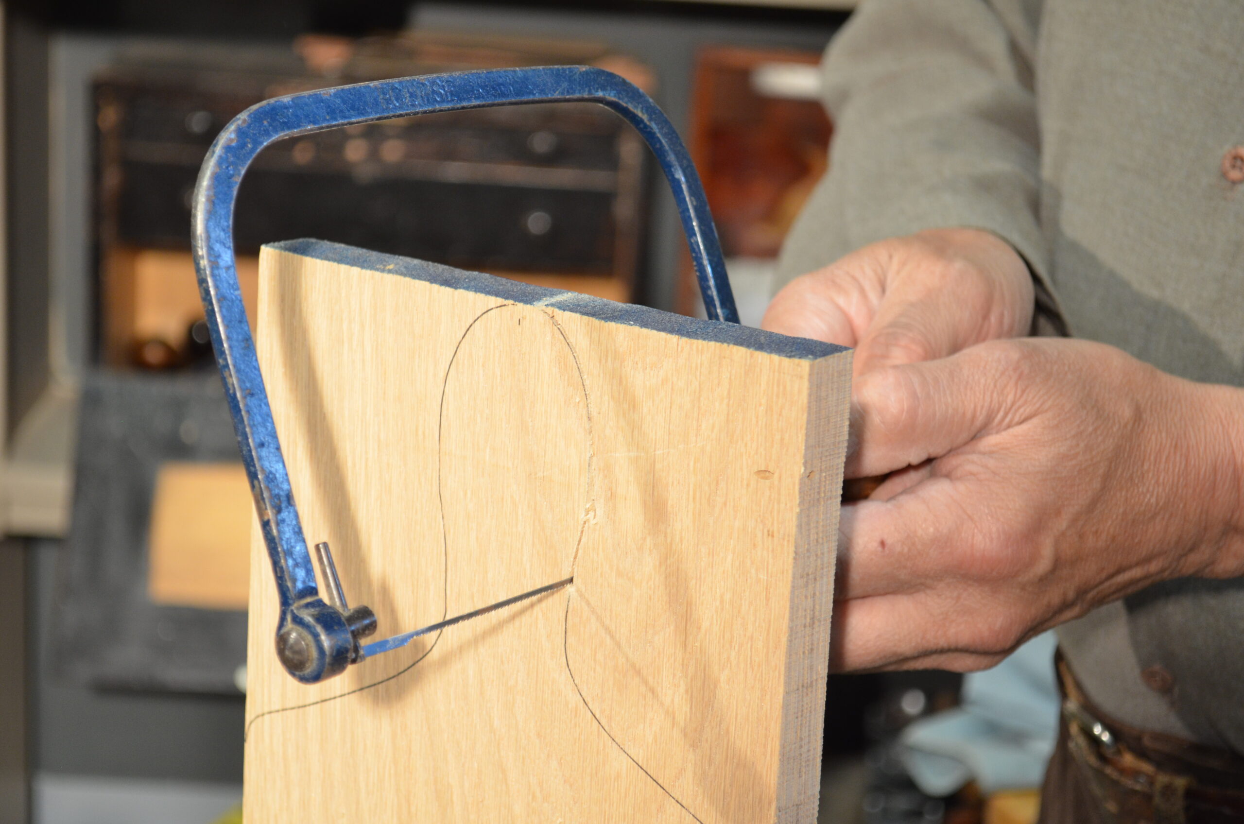 The coping saw copes with all things curved in cuts. Simple and effective and best used with the blade turned so it cuts on the push stroke and never the pull.
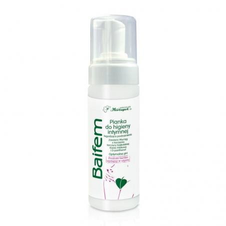 Baifem Pianka do higieny intymnej to bezzapachowy produkt do codziennej pielęgnacji, idealny do łagodzenia podrażnień i zapewniania odpowiedniego pH wrażliwych miejsc intymnych. Dzięki wyciągowi z tarczycy bajkalskiej, kwasowi mlekowemu i D-pantenolowi, koi mikrourazy, działa przeciwbakteryjnie, nawilża i regeneruje, sprawdzając się również w okresach zwiększonej podatności na infekcje.
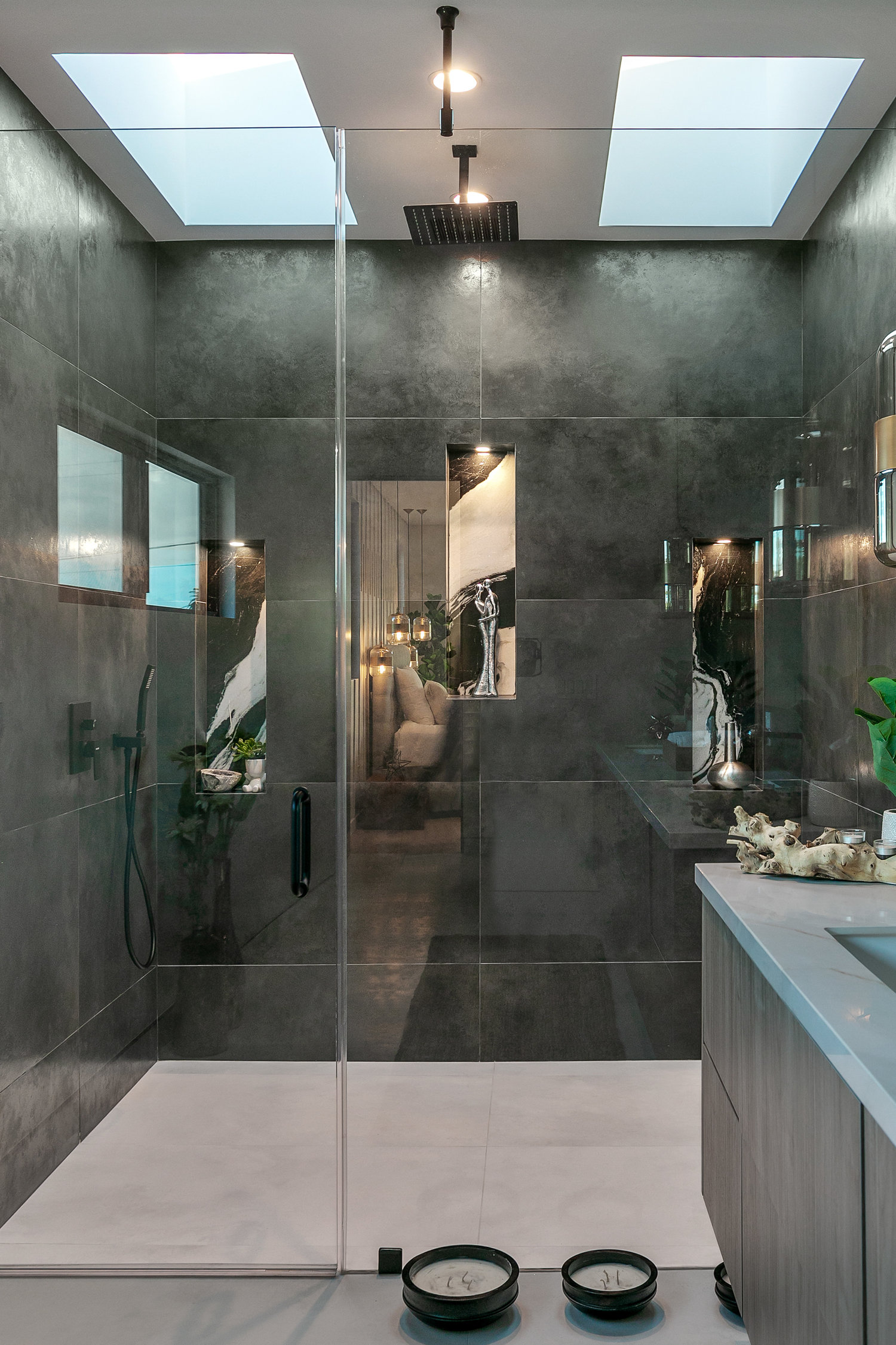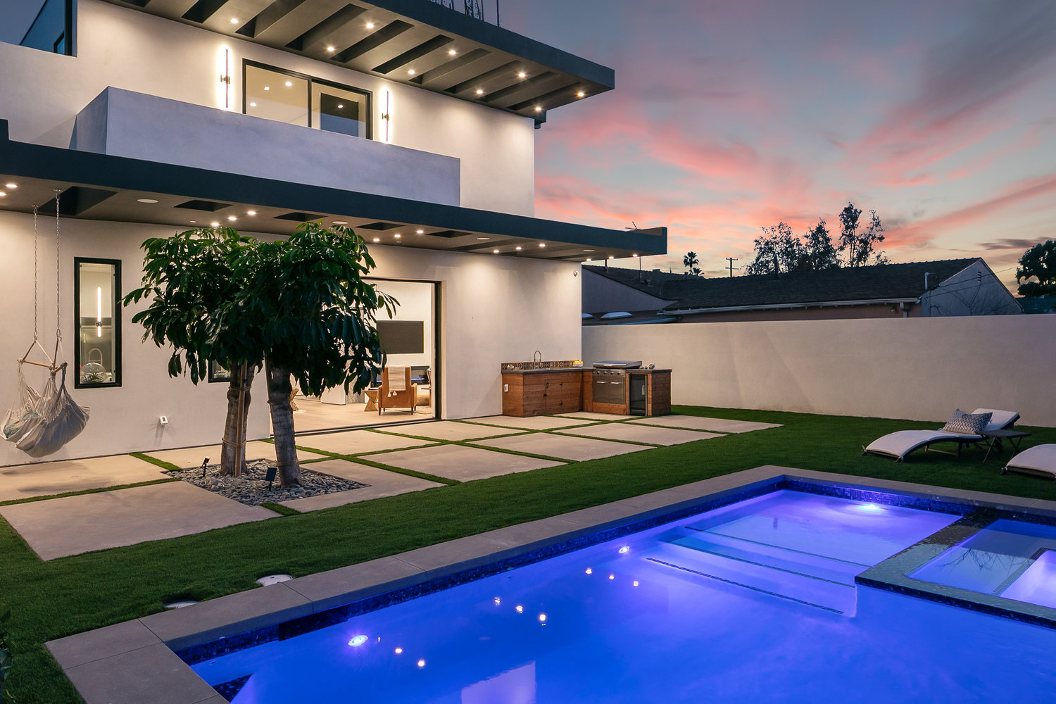 Ascend the striking glass-panel stairs to the rooftop deck, where you’ll be greeted by breathtaking views of the Hollywood sign. This expansive space is equipped with a surround sound system, BBQ kitchenette, and bench seating, offering a private tropical retreat in the heart of Culver City.
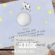 Baby birth announcement with periwinkle blue background and twinkling stars, This design features a baby birth announcement card, perfect for newborn photos, with a simple blue background with an overlay text, and a cute nursery rhyme theme, with moon and stars, new parents will love this minimalist, cow jumped over the moon, whimsical theme.
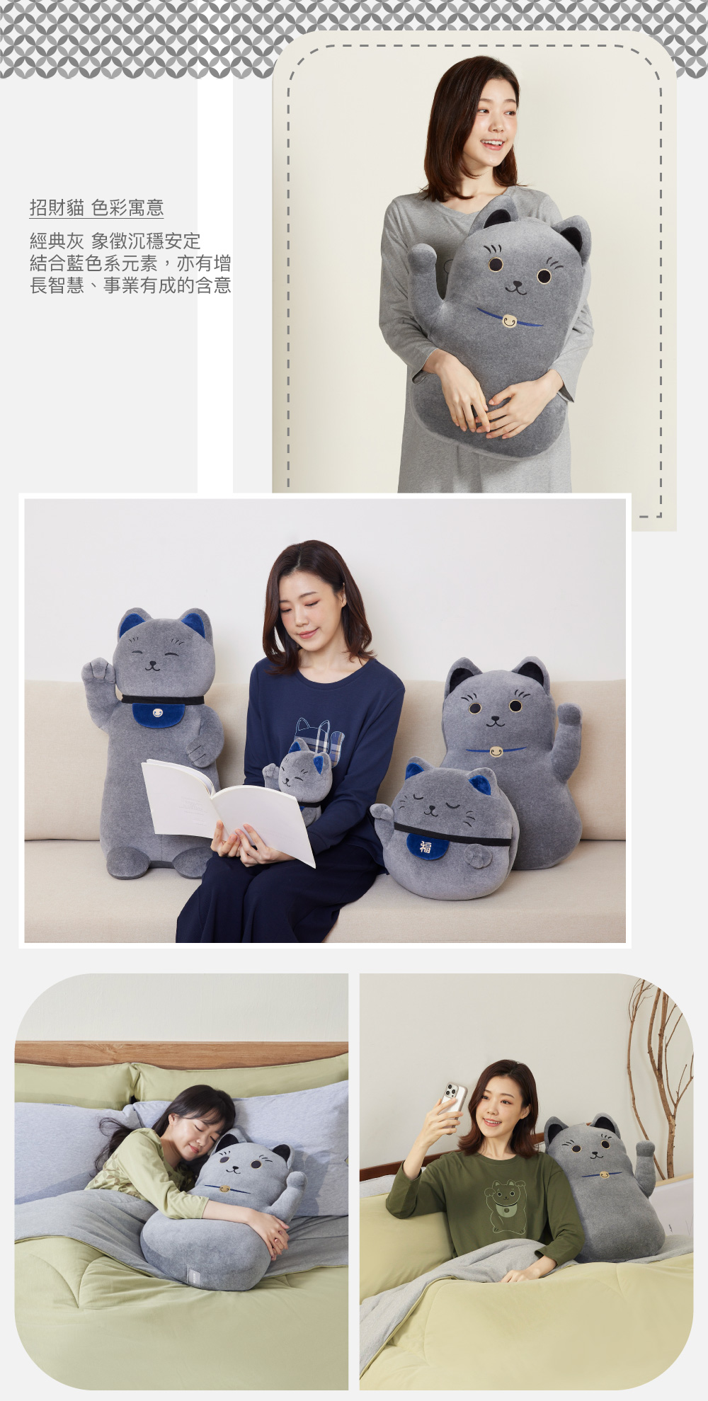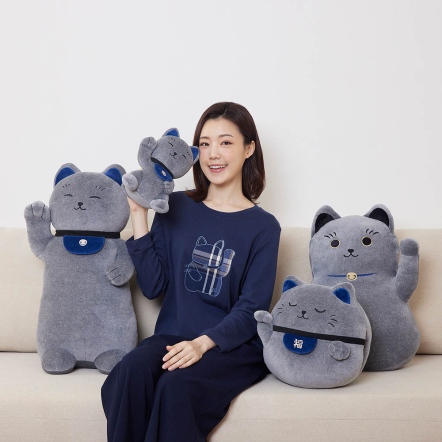 招財貓抱枕-岩石灰
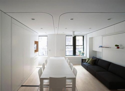 Κάθε εκατοστό χρήσιμου χώρου είναι πολύτιμο. Μια επεκτάσιμη τραπεζαρία και ένα αναδιπλούμενο κρεβάτι κρατούν το στούντιο καθαρό και νοικοκυρεμένο, ενώ υπάρχει επίσης η δυνατότητα να χωρίσετε το δωμάτιο σε μικρότερους χώρους που έχουν τη δική τους χρησιμότητα. Οι αρχιτέκτονες εγκατέστησαν έναν κινούμενο τοίχο που σύρεται σε γραμμές που υπάρχουν στο πάτωμα κι έτσι μπορεί να δημιουργήσει μια επιπλέον κρεβατοκάμαρα.
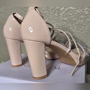 NIB! Ladies Sz. 7.5 TOP MODA Chunky Heels W/glitter Straps
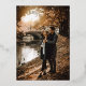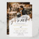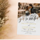 Informal photo wedding invitation with you're invited written in beautiful calligraphy across a transparent splash of watercolor decorating your photo. Add another photo to the back of the wedding invite. Beautiful photo wedding invitation with your names in gold foil.
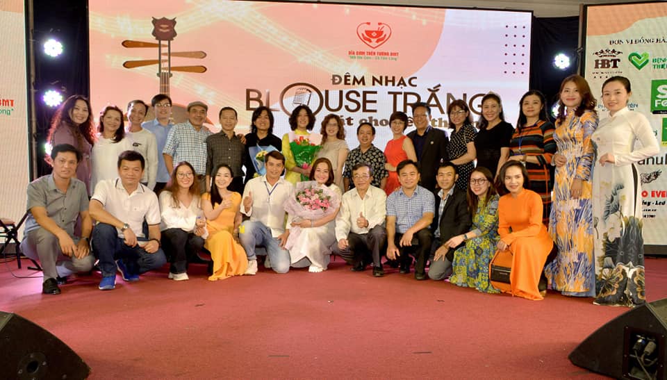 | Khán giả chụp hình lưu niệm với các ca sĩ trong Đêm nhạc Blouse Trắng – Hát cho yêu thương lần thứ 30 tại TP. Buôn Ma Thuột. |
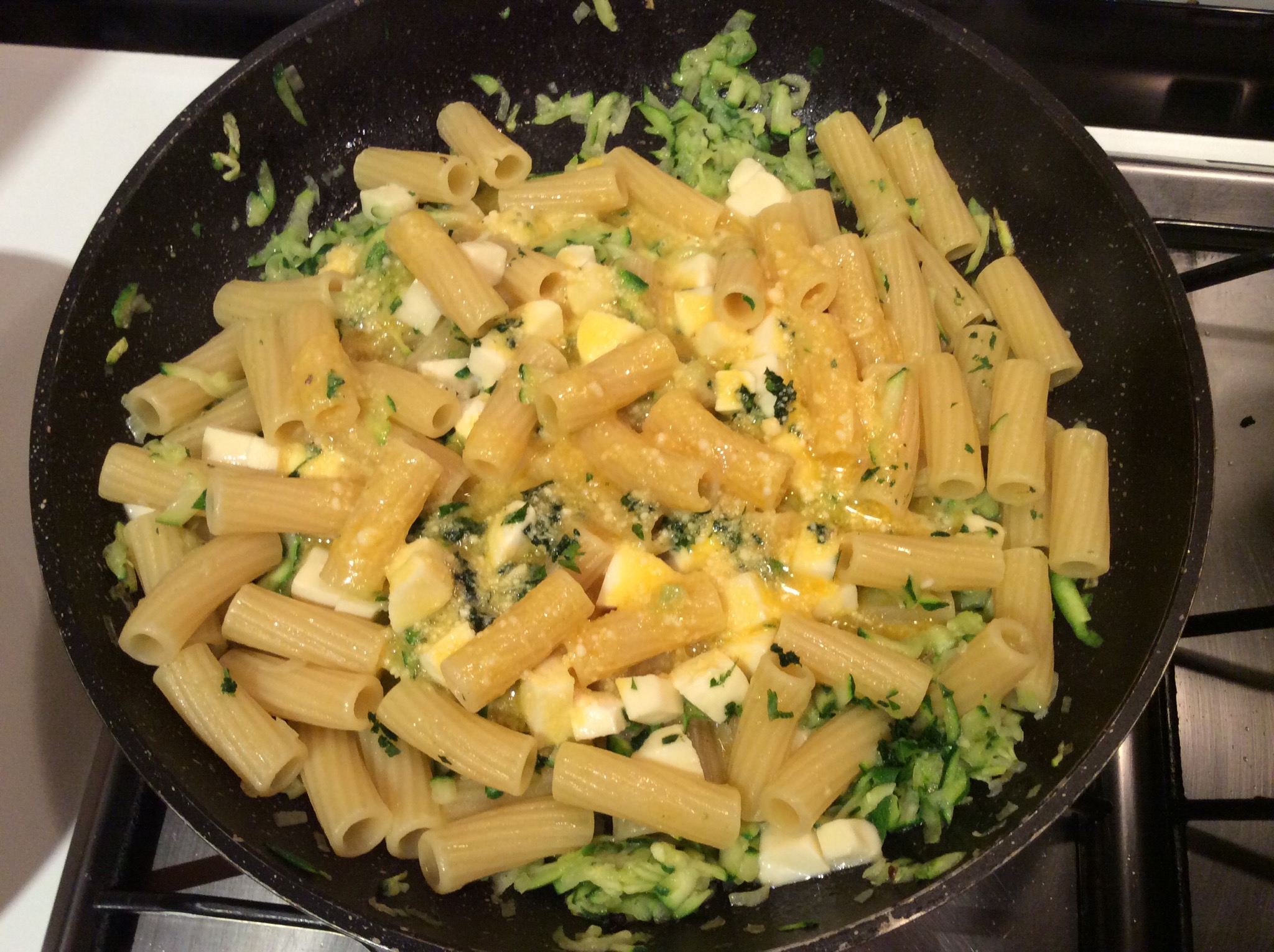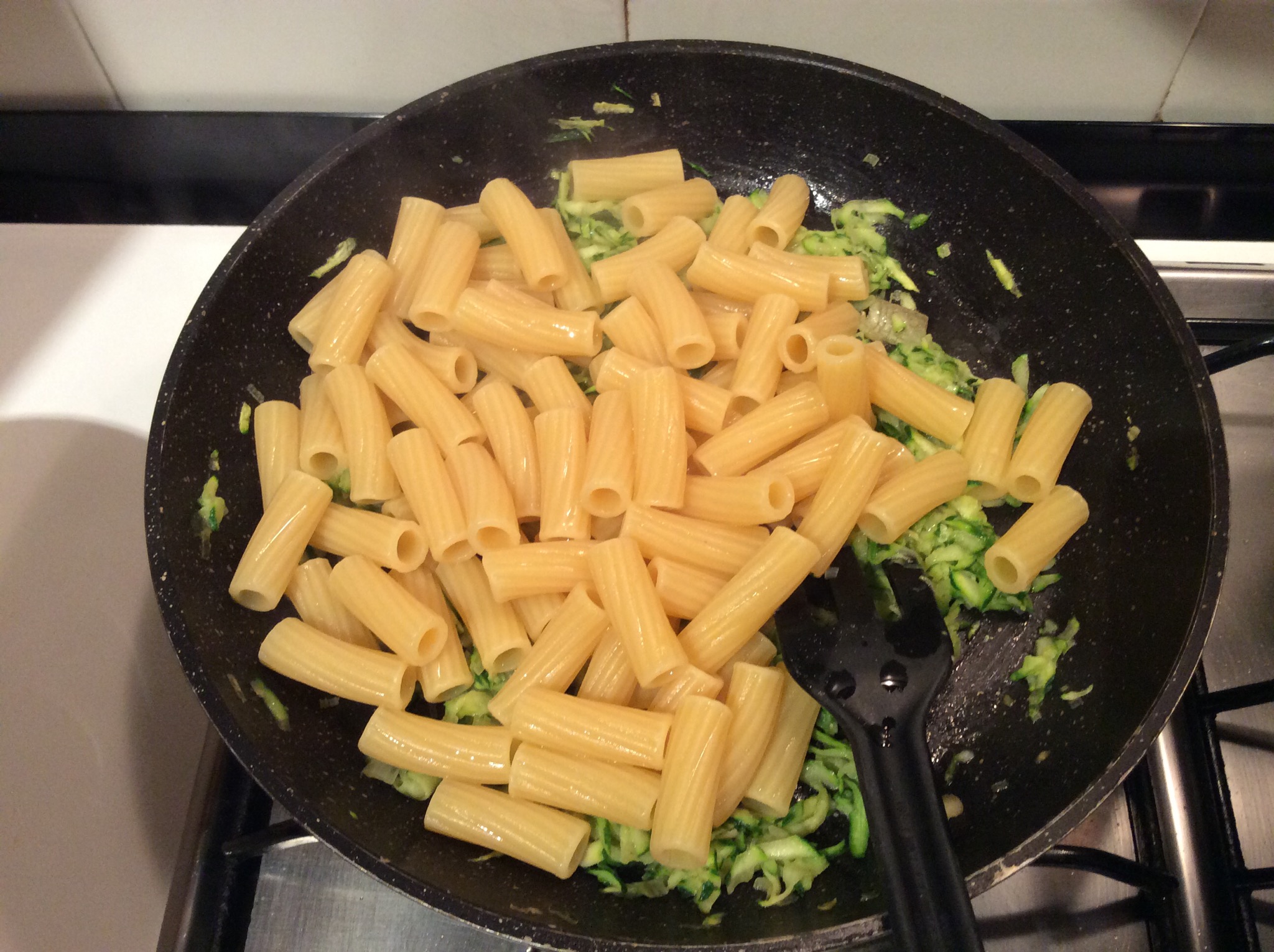 Scolo la pasta al dente e la aggiungo alle zucchine

# # # # # # #

Activity:
Print each line of the material above exactly, with the pictures removed from your copy.

Answer:
 The coping saw copes with all things curved in cuts. Simple and effective and best used with the blade turned so it cuts on the push stroke and never the pull.
 Baifem Pianka do higieny intymnej to bezzapachowy produkt do codziennej pielęgnacji, idealny do łagodzenia podrażnień i zapewniania odpowiedniego pH wrażliwych miejsc intymnych. Dzięki wyciągowi z tarczycy bajkalskiej, kwasowi mlekowemu i D-pantenolowi, koi mikrourazy, działa przeciwbakteryjnie, nawilża i regeneruje, sprawdzając się również w okresach zwiększonej podatności na infekcje.
 Ascend the striking glass-panel stairs to the rooftop deck, where you’ll be greeted by breathtaking views of the Hollywood sign. This expansive space is equipped with a surround sound system, BBQ kitchenette, and bench seating, offering a private tropical retreat in the heart of Culver City.
 Baby birth announcement with periwinkle blue background and twinkling stars, This design features a baby birth announcement card, perfect for newborn photos, with a simple blue background with an overlay text, and a cute nursery rhyme theme, with moon and stars, new parents will love this minimalist, cow jumped over the moon, whimsical theme.
 招財貓抱枕-岩石灰
 Κάθε εκατοστό χρήσιμου χώρου είναι πολύτιμο. Μια επεκτάσιμη τραπεζαρία και ένα αναδιπλούμενο κρεβάτι κρατούν το στούντιο καθαρό και νοικοκυρεμένο, ενώ υπάρχει επίσης η δυνατότητα να χωρίσετε το δωμάτιο σε μικρότερους χώρους που έχουν τη δική τους χρησιμότητα. Οι αρχιτέκτονες εγκατέστησαν έναν κινούμενο τοίχο που σύρεται σε γραμμές που υπάρχουν στο πάτωμα κι έτσι μπορεί να δημιουργήσει μια επιπλέον κρεβατοκάμαρα.
 NIB! Ladies Sz. 7.5 TOP MODA Chunky Heels W/glitter Straps
 Informal photo wedding invitation with you're invited written in beautiful calligraphy across a transparent splash of watercolor decorating your photo. Add another photo to the back of the wedding invite. Beautiful photo wedding invitation with your names in gold foil.
 | Khán giả chụp hình lưu niệm với các ca sĩ trong Đêm nhạc Blouse Trắng – Hát cho yêu thương lần thứ 30 tại TP. Buôn Ma Thuột. |
 Scolo la pasta al dente e la aggiungo alle zucchine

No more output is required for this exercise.